Ambulatory ECG Monitoring: An Evolving Landscape for Cardiologists

GE Healthcare

A home health aide helps an elderly patient with her wearable device.

More than half a century ago, Holter ECG monitors transformed cardiology by allowing clinicians to study heart rhythm continuously over an extended period. Invented by physics researcher Jeff Holter, early iterations of these ambulatory monitors were marvels of their time, enabling overnight recording—a much-needed capability for spotting more insidious silent arrhythmias and other cardiac events.1

In the years since, ambulatory ECG monitoring has evolved rapidly, thanks to the sustaining innovation and resulting uptake of these early devices. Recorders have gone from a single channel to twelve, with media storage and device footprints getting progressively smaller as data analytics grow more powerful.2 By now, so-called "Holters" have become a household name, certainly among cardiologists, but also among many patients.

One outstanding question is how ambulatory Holter monitoring devices fit into today's watershed moment of digital health.

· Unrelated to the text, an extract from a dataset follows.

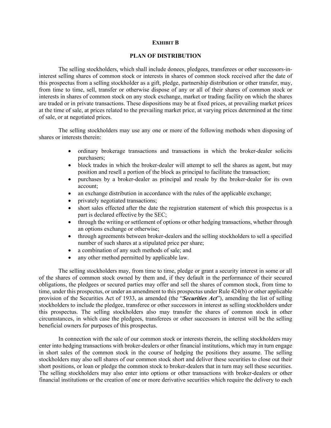 EXHIBIT B PLAN OF DISTRIBUTION The selling stockholders, which shall include donees, pledgees, transferees or other successors-in- interest selling shares of common stock or interests in shares of common stock received after the date of this prospectus from a selling stockholder as a gift, pledge, partnership distribution or other transfer, may, from time to time, sell, transfer or otherwise dispose of any or all of their shares of common stock or interests in shares of common stock on any stock exchange, market or trading facility on which the shares are traded or in private transactions. These dispositions may be at fixed prices, at prevailing market prices at the time of sale, at prices related to the prevailing market price, at varying prices determined at the time of sale, or at negotiated prices. The selling stockholders may use any one or more of the following methods when disposing of shares or interests therein: • ordinary brokerage transactions and transactions in which the broker-dealer solicits purchasers; • block trades in which the broker-dealer will attempt to sell the shares as agent, but may position and resell a portion of the block as principal to facilitate the transaction; • purchases by a broker-dealer as principal and resale by the broker-dealer for its own account; • an exchange distribution in accordance with the rules of the applicable exchange; • privately negotiated transactions; • short sales effected after the date the registration statement of which this prospectus is a part is declared effective by the SEC; • through the writing or settlement of options or other hedging transactions, whether through an options exchange or otherwise; • through agreements between broker-dealers and the selling stockholders to sell a specified number of such shares at a stipulated price per share; • a combination of any such methods of sale; and • any other method permitted by applicable law. The selling stockholders may, from time to time, pledge or grant a security interest in some or all of the shares of common stock owned by them and, if they default in the performance of their secured obligations, the pledgees or secured parties may offer and sell the shares of common stock, from time to time, under this prospectus, or under an amendment to this prospectus under Rule 424(b) or other applicable provision of the Securities Act of 1933, as amended (the “Securities Act”), amending the list of selling stockholders to include the pledgee, transferee or other successors in interest as selling stockholders under this prospectus. The selling stockholders also may transfer the shares of common stock in other circumstances, in which case the pledgees, transferees or other successors in interest will be the selling beneficial owners for purposes of this prospectus. In connection with the sale of our common stock or interests therein, the selling stockholders may enter into hedging transactions with broker-dealers or other financial institutions, which may in turn engage in short sales of the common stock in the course of hedging the positions they assume. The selling stockholders may also sell shares of our common stock short and deliver these securities to close out their short positions, or loan or pledge the common stock to broker-dealers that in turn may sell these securities. The selling stockholders may also enter into options or other transactions with broker-dealers or other financial institutions or the creation of one or more derivative securities which require the delivery to each

Internet- and cloud-based monitors have ushered in a new era of mobile ECG, creating more capabilities and data—and potentially more confusion—in a quickly expanding field of ambulatory devices.

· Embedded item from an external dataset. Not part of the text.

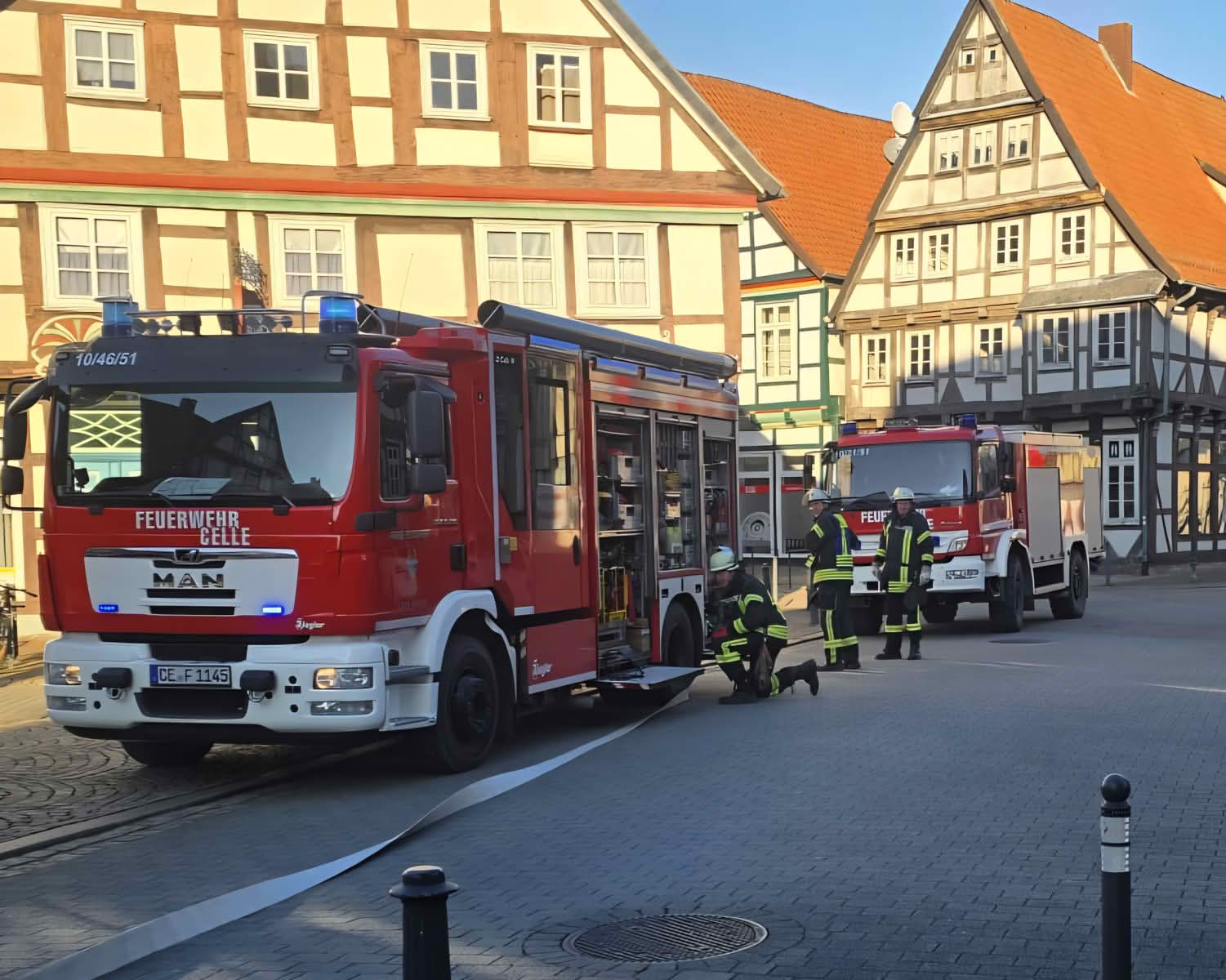 In den Mittagsstunden des ersten Weihnachtstages wurde die Feuerwehr Celle zu einer unklaren Rauchentwicklung auf den „Kleinen Plan“ im Herzen der historischen Fachwerkstadt alarmiert.

With familiar choices such as Holters and event recorders joining a wave of remote patient monitoring technologies like smartwatches, patches, and other ECG-capable leadless sensors, it's important to differentiate between the offerings and contextualize their capabilities so that cardiologists can better meet their patients' needs. Here's what clinicians should know in this fast-evolving landscape of ambulatory ECG.

Holter Monitoring

With the ability to monitor heart rate, ectopic beats, and other identifications for up to 48 hours continuously, or even longer in some cases, Holter monitors can be ideal for detecting events such as presyncope, syncope, or palpitations that take place approximately every day.3 These devices are the more well-known choice for ambulatory monitoring, having been around for decades. That time in the market also lends itself to more clinical evidence, which has helped to shape the technology's status as a standard of care.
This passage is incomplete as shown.